[DATASET RECORDS Boundary: Start]

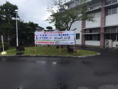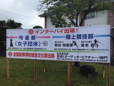来月、運動部(弓道部、陸上競技部)及び放送委員会が出場する全国大会に向けて看板が設置されました。
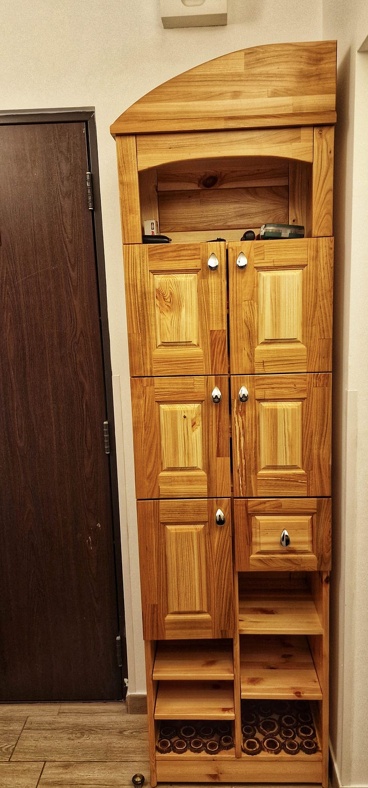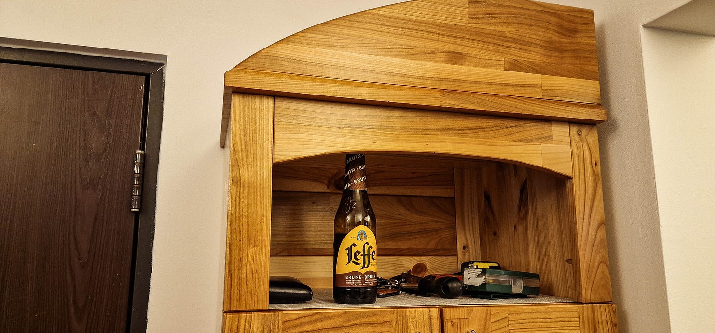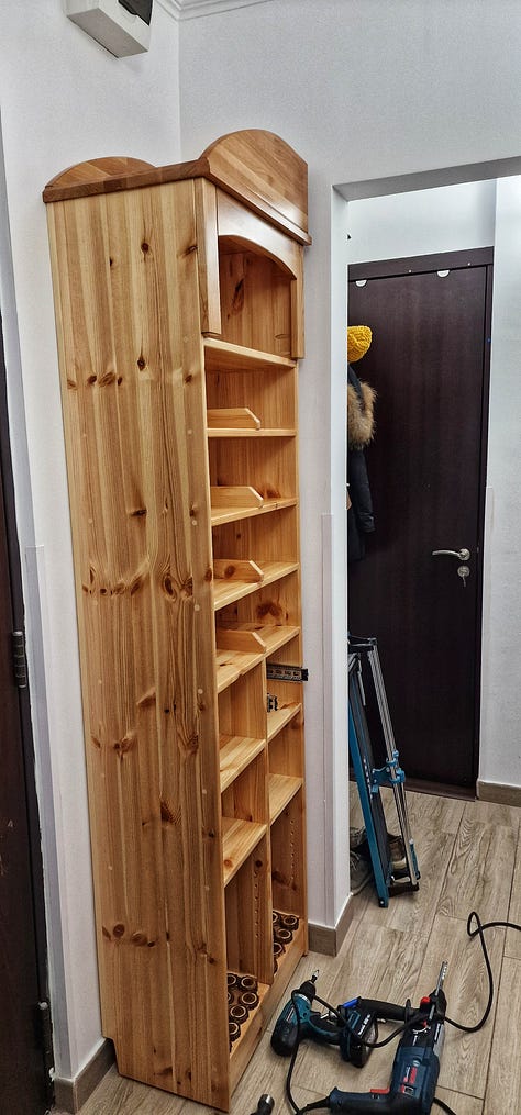 Am încheiat proiectul cu o combinație de ușurare și satisfacție. Cu două sticle de Leffe Brun alături, am pus încălțămintea pe noile rafturi și am privit pantofarul nu doar ca pe o piesă de mobilier, ci ca pe o poveste întreagă, scrisă în lemn, chit și lac.
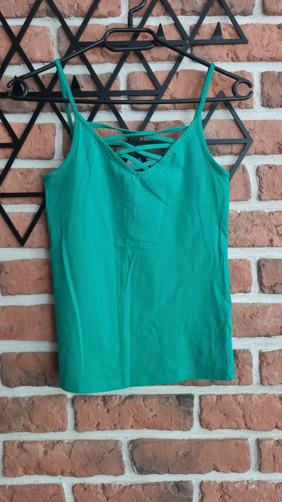 Vzorované zeleno-biele tielko, oblečené 2-3 krát, bez poškodení. Píše veľkosť XS, ale sedí aj na S. Rozmery : Dĺžka bez ramienok 49 cm Šírka pod pazuchami 31 cm, natiahne sa na 40 cm
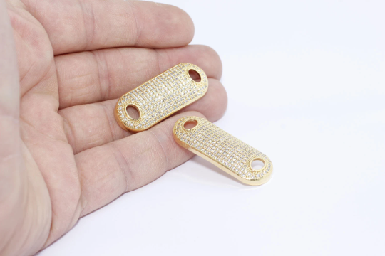 Ciondoli per bracciale in oro lucido 24k, 15x39 mm, micro pavé, ZRCN38
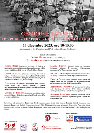 Mercoledì 13 dicembre 2023 dalle ore 10:00 alle ore 13:30 è in programma presso l'Aula B (Palazzo Ca' Dottori, Dipartimento di Scienze politiche, giuridiche e studi internazionali dell'Università di Padova) il workshop Genere e lavoro tra public history e didattica della storia
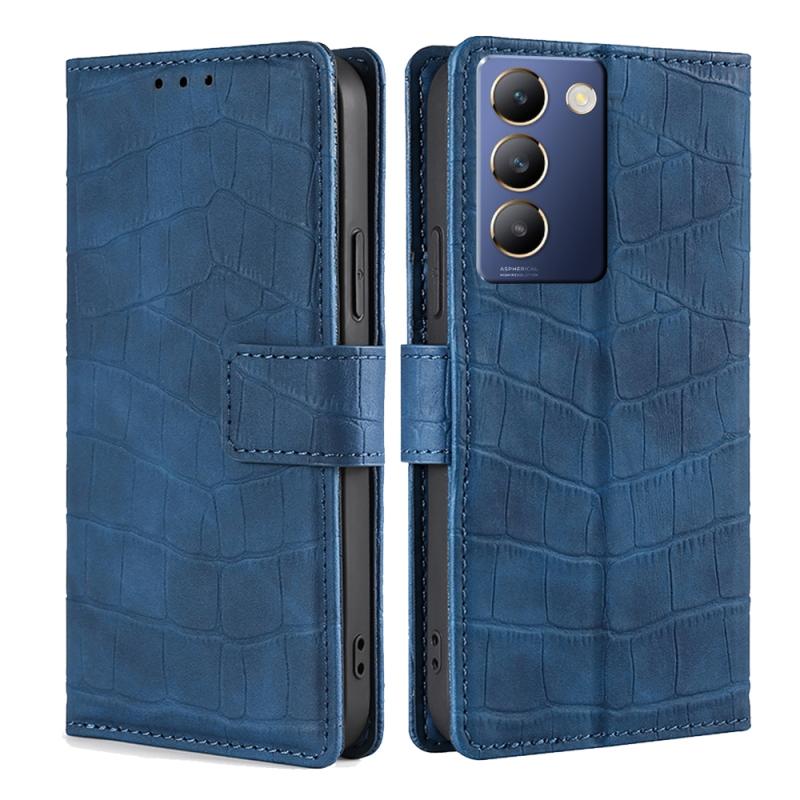 For vivo Y100 5G IDN Skin Feel Crocodile Magnetic Clasp Leather Phone Case(Blue)
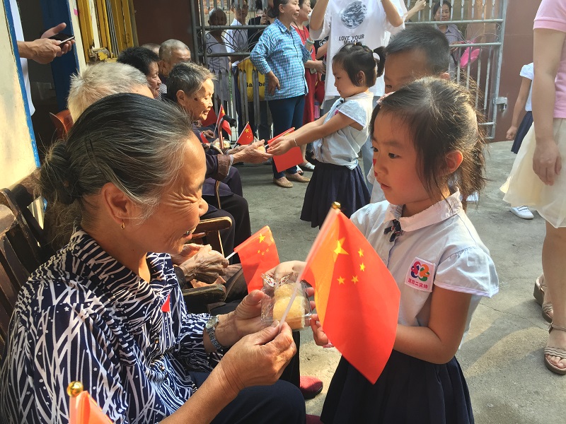 桥南社区组织学生给辖区老年人过重阳节
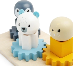 Obsahuje tučňáka, mrože a ledního medvěda, které děti mohou umisťovat na různě barevné podstavce a otáčet s nimi.
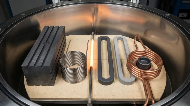 يتم اختيار عناصر التسخين الأكثر شيوعًا في أفران التفريغ بناءً على قدرتها على تحمل درجات الحرارة القصوى مع الحد الأدنى من إطلاق الغازات. تندرج هذه المواد في فئتين رئيسيتين: العناصر غير المعدنية مثل الجرافيت، والمعادن الحرارية مثل الموليبدينوم والتنغستن. تشمل الخيارات المتخصصة الأخرى المركبات السيراميكية مثل كربيد السيليكون (SiC) وثنائي سيليسيد الموليبدينوم (MoSi₂)، بالإضافة إلى أنظمة التسخين بالحث.
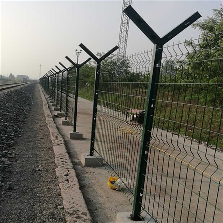 機(jī)場(chǎng)護(hù)欄網(wǎng)又叫機(jī)場(chǎng)隔離網(wǎng) 機(jī)場(chǎng)圍界 鋼絲網(wǎng) Y型柱防御網(wǎng),主要用于機(jī)場(chǎng)外圍的隔離防護(hù)以及機(jī)場(chǎng)跑道的防護(hù),材質(zhì)為低碳鋼絲,表面處理為鍍鋅加浸塑 高度主要有2.0m2.5m3m 也可根據(jù)客戶主要來(lái)定做,網(wǎng)孔為50*100 50*150 50*200 可定制 絲徑主要是4毫米到5毫米,公司有多年加工經(jīng)驗(yàn),歡迎您來(lái)咨詢!安平縣艾瑞金屬絲網(wǎng)有限公司。
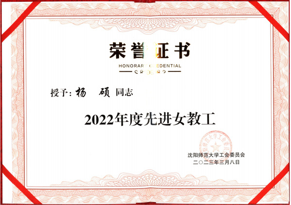 在三月初校工会组织开展的2022年度沈阳师范大学先进女职工集体、巾帼建功立业标兵、先进女教工的评选活动中,我院杨硕副教授以其在教育教学、科学研究、人才培养和社会服务等工作中的突出成绩,荣获2022年度沈阳师范大学“先进女教工”荣誉称号。
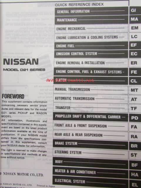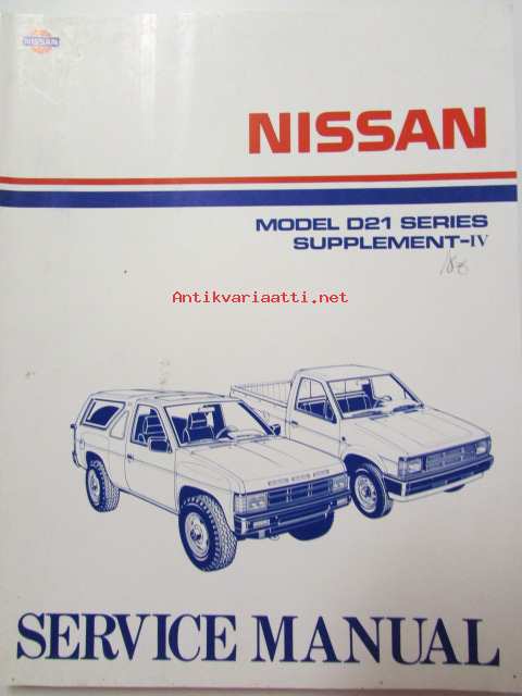 Nissan model D21 series Service manual supplement IV - korjaamokäsikirjan lisäosa, katso kuvista tarkemmin sisältöä
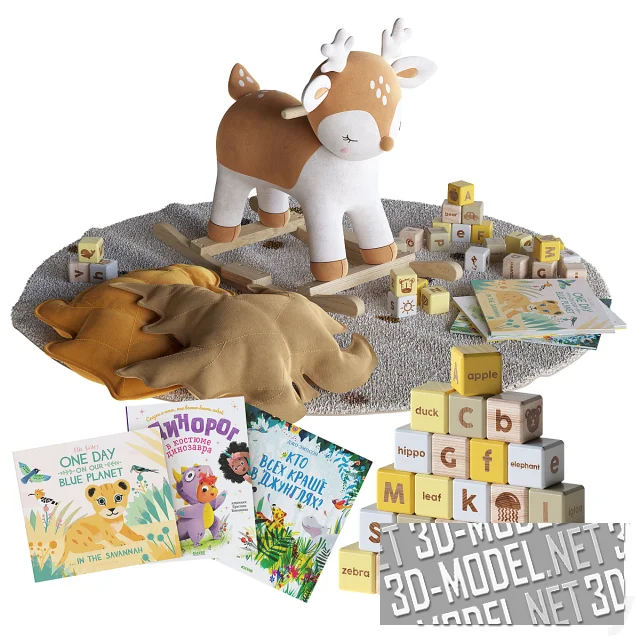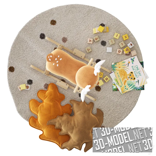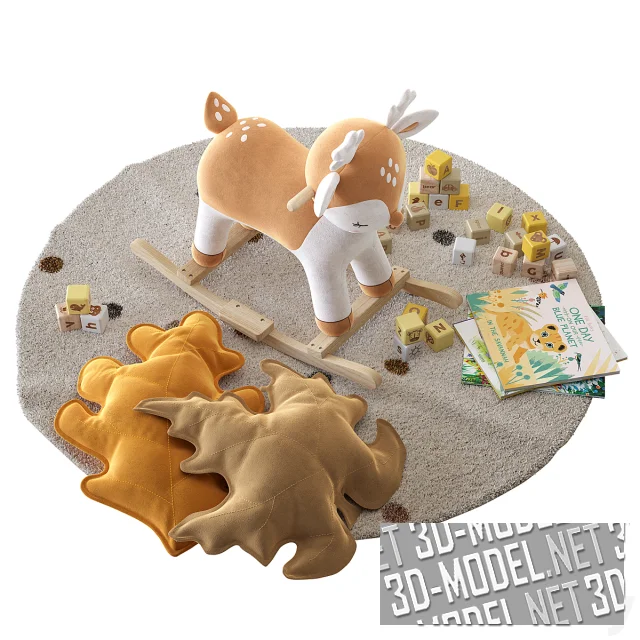 Очаровательный детский игровой набор в теплых осенних тонах объединяет мягкость, уют и образовательные элементы. В центре композиции деревянная бэби-качалка в виде олененка – Mimizan от Maisons du Monde, выполненная в нежных бежево-коричневых оттенках. Она создана для безопасных игр малышей, развивает координацию и чувство равновесия, при этом оставаясь стильным украшением детской комнаты.
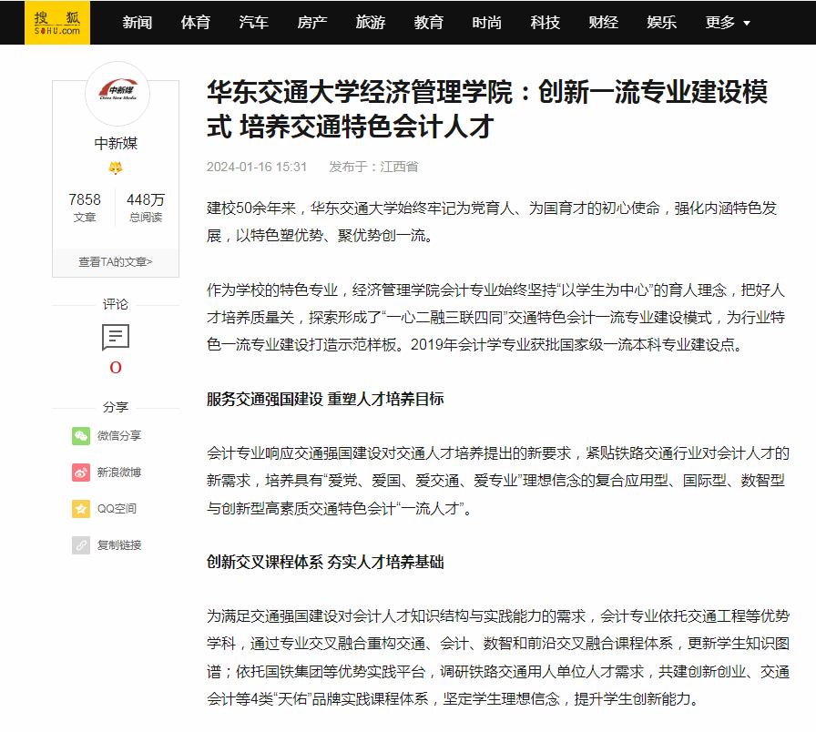 作为学校的特色专业,经济管理学院会计专业始终坚持“以学生为中心”的育人理念,把好人才培养质量关,探索形成了“一心二融三联四同”交通特色会计一流专业建设模式,为行业特色一流专业建设打造示范样板。2019年会计学专业获批国家级一流本科专业建设点。

[DATASET RECORDS Boundary: End]

YOUR GOAL =
Print all the records exactly, minus any images.

TASK RESULT =
来月、運動部(弓道部、陸上競技部)及び放送委員会が出場する全国大会に向けて看板が設置されました。
 Am încheiat proiectul cu o combinație de ușurare și satisfacție. Cu două sticle de Leffe Brun alături, am pus încălțămintea pe noile rafturi și am privit pantofarul nu doar ca pe o piesă de mobilier, ci ca pe o poveste întreagă, scrisă în lemn, chit și lac.
 Vzorované zeleno-biele tielko, oblečené 2-3 krát, bez poškodení. Píše veľkosť XS, ale sedí aj na S. Rozmery : Dĺžka bez ramienok 49 cm Šírka pod pazuchami 31 cm, natiahne sa na 40 cm
 Ciondoli per bracciale in oro lucido 24k, 15x39 mm, micro pavé, ZRCN38
 Mercoledì 13 dicembre 2023 dalle ore 10:00 alle ore 13:30 è in programma presso l'Aula B (Palazzo Ca' Dottori, Dipartimento di Scienze politiche, giuridiche e studi internazionali dell'Università di Padova) il workshop Genere e lavoro tra public history e didattica della storia
 For vivo Y100 5G IDN Skin Feel Crocodile Magnetic Clasp Leather Phone Case(Blue)
 桥南社区组织学生给辖区老年人过重阳节
 Obsahuje tučňáka, mrože a ledního medvěda, které děti mohou umisťovat na různě barevné podstavce a otáčet s nimi.
 يتم اختيار عناصر التسخين الأكثر شيوعًا في أفران التفريغ بناءً على قدرتها على تحمل درجات الحرارة القصوى مع الحد الأدنى من إطلاق الغازات. تندرج هذه المواد في فئتين رئيسيتين: العناصر غير المعدنية مثل الجرافيت، والمعادن الحرارية مثل الموليبدينوم والتنغستن. تشمل الخيارات المتخصصة الأخرى المركبات السيراميكية مثل كربيد السيليكون (SiC) وثنائي سيليسيد الموليبدينوم (MoSi₂)، بالإضافة إلى أنظمة التسخين بالحث.
 機(jī)場(chǎng)護(hù)欄網(wǎng)又叫機(jī)場(chǎng)隔離網(wǎng) 機(jī)場(chǎng)圍界 鋼絲網(wǎng) Y型柱防御網(wǎng),主要用于機(jī)場(chǎng)外圍的隔離防護(hù)以及機(jī)場(chǎng)跑道的防護(hù),材質(zhì)為低碳鋼絲,表面處理為鍍鋅加浸塑 高度主要有2.0m2.5m3m 也可根據(jù)客戶主要來(lái)定做,網(wǎng)孔為50*100 50*150 50*200 可定制 絲徑主要是4毫米到5毫米,公司有多年加工經(jīng)驗(yàn),歡迎您來(lái)咨詢!安平縣艾瑞金屬絲網(wǎng)有限公司。
 在三月初校工会组织开展的2022年度沈阳师范大学先进女职工集体、巾帼建功立业标兵、先进女教工的评选活动中,我院杨硕副教授以其在教育教学、科学研究、人才培养和社会服务等工作中的突出成绩,荣获2022年度沈阳师范大学“先进女教工”荣誉称号。
 Nissan model D21 series Service manual supplement IV - korjaamokäsikirjan lisäosa, katso kuvista tarkemmin sisältöä
 Очаровательный детский игровой набор в теплых осенних тонах объединяет мягкость, уют и образовательные элементы. В центре композиции деревянная бэби-качалка в виде олененка – Mimizan от Maisons du Monde, выполненная в нежных бежево-коричневых оттенках. Она создана для безопасных игр малышей, развивает координацию и чувство равновесия, при этом оставаясь стильным украшением детской комнаты.
 作为学校的特色专业,经济管理学院会计专业始终坚持“以学生为中心”的育人理念,把好人才培养质量关,探索形成了“一心二融三联四同”交通特色会计一流专业建设模式,为行业特色一流专业建设打造示范样板。2019年会计学专业获批国家级一流本科专业建设点。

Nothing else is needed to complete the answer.